5 Ways Flow Based Network Monitoring Solutions Need to Scale

A common gripe for Network Engineers is that their current network monitoring solution doesn’t provide the depth of information needed to quickly ascertain the true cause of a network issue.

Many already have over-complicated their monitoring systems and methodologies by continuously extending their capabilities with a plethora of add-ons, or relying on disparate systems that often don’t interface very well with each other.

There is also an often mistaken belief that the network monitoring solutions that they have invested in will suddenly give them the depth they need to have the required visibility to manage complex networks.

A best-value approach to network monitoring is to use a flow-based analytics methodology such as NetFlow, sFlow or IPFIX.

In this market, it’s common for the industry to express a flow software’s scaling capability in flows-per-second.

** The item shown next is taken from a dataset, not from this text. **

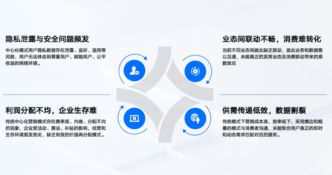 受平台商业竞争、利益格局固化及多方协作机制不完善等因素制约,文商旅体展各领域企业面临收益分配不均、运营效率低下、数据安全承压三重困境:资源权益分配不清晰导致企业利益被稀释,数据壁垒与业态割裂造成营销成本高、消费转化难,隐私泄露风险加剧经营不确定性,严重制约企业可持续发展与市场竞争力提升。

Using Flows-per-second as a guide to scalability is misleading as it is often used to hide a flow collector’s inability to archive flow data by overstating its collection capability.

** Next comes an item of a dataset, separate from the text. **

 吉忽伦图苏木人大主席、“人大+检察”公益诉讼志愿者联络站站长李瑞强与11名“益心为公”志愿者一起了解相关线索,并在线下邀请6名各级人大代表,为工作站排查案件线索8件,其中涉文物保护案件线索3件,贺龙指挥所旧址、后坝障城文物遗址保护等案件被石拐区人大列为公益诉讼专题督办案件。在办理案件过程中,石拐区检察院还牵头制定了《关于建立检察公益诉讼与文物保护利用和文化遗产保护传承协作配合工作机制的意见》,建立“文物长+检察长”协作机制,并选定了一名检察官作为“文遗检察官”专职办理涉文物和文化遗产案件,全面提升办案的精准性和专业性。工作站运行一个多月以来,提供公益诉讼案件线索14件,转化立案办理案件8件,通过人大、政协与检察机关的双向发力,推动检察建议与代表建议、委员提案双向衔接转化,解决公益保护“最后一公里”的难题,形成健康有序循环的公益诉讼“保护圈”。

It’s important to look not just at flows-per-second, but at the granularity retained through per minute (flow retention rate), the speed and flexibility of alerting, reporting, forensic depth and diagnostics and the scalability when impacted by high-flow-variance, sudden-bursts, number of devices and interfaces, the speed of reporting over time, the ability to retain short-term and historical collections and the confluence of these factors as it pertains to scalability of the software as a whole.

A Flow Based network monitoring software needs to scale in its collection of data in five ways:

  1. Ingestion capability – means the amount of flows that can be consumed by a single collector.
  1. Digestion capability – means the amount of flow records that can be retained by a single collector.
    Flow retention rates are particularly critical to quantify as they dictate the level of granularity that allows a flow-based NMS to deliver the visibility required to achieve quality Anomaly Detection, Network Forensics, Root Cause Analysis, Billing Substantiation, Peering Analysis and Data Retention compliance.
  1. Threading capacity – pertains to the multitasking strength of a solution to spread the load of collection across multiple CPU’s on a single server.
  1. Distributed collection – refers to the ability of a flow-based solution to run a single data warehouse that takes its input from a cluster of collectors as a single unit as a means to load balance.
  1. Hierarchical correlation – is designed to enable parallel analytics across distributed data warehouses to aggregate their results.